В предыдущих постах я не зря указал, что при всей масштабности исследований автора «Трибунала кровавого пепла», многое сгубило желание сделать однозначные выводы из фактов, которые однозначность не предполагают. Например, человек засветившийся с обоих сторон конфликта может являться участником кровавой провокации, может быть просто оперативным работником, по долгу службы обязанным наблюдать за происходящим, журналистом или даже городским неадекватом, желающим находиться везде в гуще событий. Но конспирологическая логика заставляет выбирать именно вариант с провокатором. Формально картина о провокаторах с обеих сторон не будет противоречить логике. Но если сама оценка человека как провокатора является ложной, то и выводы о произошедшем могут оказаться ложными. Главное, что при целостной, непротиворечивой, но ложной картине, немногочисленные прямые доказательства теряются в общей массе лжи. Какая разница кто и как фальсифицировал сцены с убийством, если все и так за одно. Соответственно уже не важно установить реальных исполнителей, организаторов и заказчиков. Эта модель применима к восприятию политической реальности в целом.
Конспирологические выводы по поводу локальных событий еще могут быть подтверждены или опровергнуты. Другое дело тотальная конспирология. В российских условиях тотальная конспирология случай просто клинический, поскольку интерес к политической реальности имеет смысл только когда предполагается в той или иной мере суверенитет России. Множество конспирологических теорий полагающих, что никакой российской власти нет, а есть группа клоунов и актеров выполняющих задание США, жидомассонов, теневого правительства и пр. являются непротиворечивыми, также как непротиворечиво представление, что погодой руководит Зевс-громовержец, сидящий на небесах. То, что вы Зевса не видите не означает что его нет. Но при отсутствии суверенитета России последовательный шаг только констатировать отсутствие и прекратить писать. Ведь если не существует власти, которая располагает военными ресурсами для нанесения неприемлемого ущерба противнику и экономикой, обеспечивающей выживаемость в результате тотальных экономических санкций, то нет и России. Но многочисленные теории и многотысячные сторонники этих теорий продолжают существовать, а авторы не готовы заткнуться и успокоиться. Все происходит как в тупых фильмах-ужасах, где злодеи обладают абсолютной властью, но вот для поджога какого-нибудь захудалого жилища у них не находится спичек, а ларек закрыт. Иначе бы фильм сразу закончился.

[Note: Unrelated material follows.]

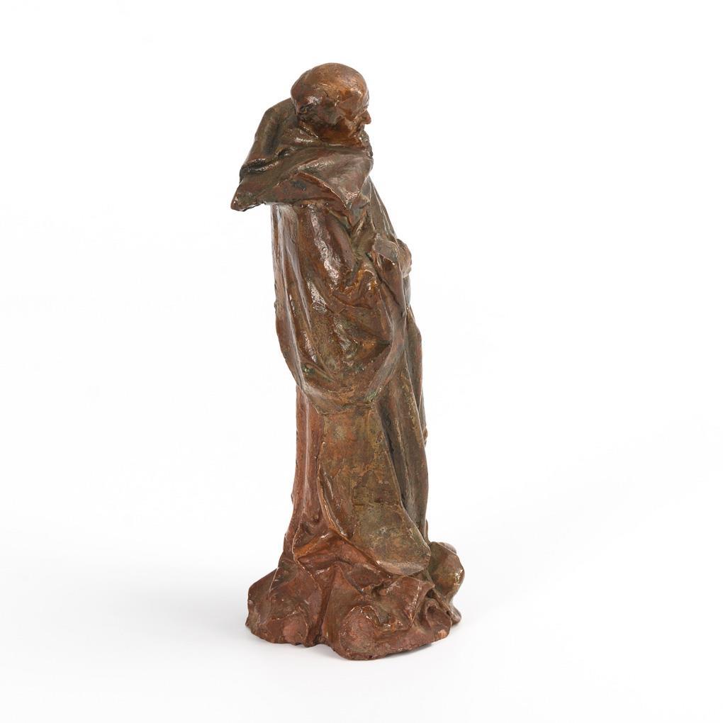 Fully sculpted standing figure of a pensive monk. Scarcely any signs of age/use.

С другой стороны, противники конспирологических теорий, сторонники «здравого смысла» и «не умножения сущностей» играют в ту же конспирологию наоборот. Поскольку нет гарантий, что даже за внешне заурядными событиями не скрывается та или иная воля. Если же события явно не могут быть объяснены естественным ходом вещей, то сторонники «здравого смысла» их или игнорируют, или дают абсурдные объяснения, или отрицают события, не вписывающиеся в теорию. Если учесть, что все «стройные» теории и конспирологов, и антиконспирологов крайне зависимы от политических предпочтений, то вопрос реальности уходит вообще на третий план. Желание понятных стройных объяснений (которые как правило не соответствуют реальности) касается более 99.9 процентов людей, интересующихся политикой.

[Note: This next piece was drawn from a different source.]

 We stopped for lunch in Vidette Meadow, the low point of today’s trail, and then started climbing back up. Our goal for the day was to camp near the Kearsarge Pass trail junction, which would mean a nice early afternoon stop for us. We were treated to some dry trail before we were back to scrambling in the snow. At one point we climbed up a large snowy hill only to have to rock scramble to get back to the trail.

Безоговорочно реальностью можно признать только очевидные факты. Особую ценность представляют факты, являющиеся прямыми доказательствами тех или иных причин. Вот почему ситуация с реакцией на одесскую трагедию просто чистейший пример запредельного игнорирования политической реальности. У обычного гражданина нет никакой прямой связи с политикой кроме как через очевидные факты и представление о том, как должно быть. Представление может соответствовать логике и действительности, может не соответствовать. Например, нельзя построить общество, где решения принимаются всеобщим консенсусом или на основании ценностей «евразийской» цивилизации, поскольку последней не существует как реального социального феномена (а не фантазий отдельных сказочников).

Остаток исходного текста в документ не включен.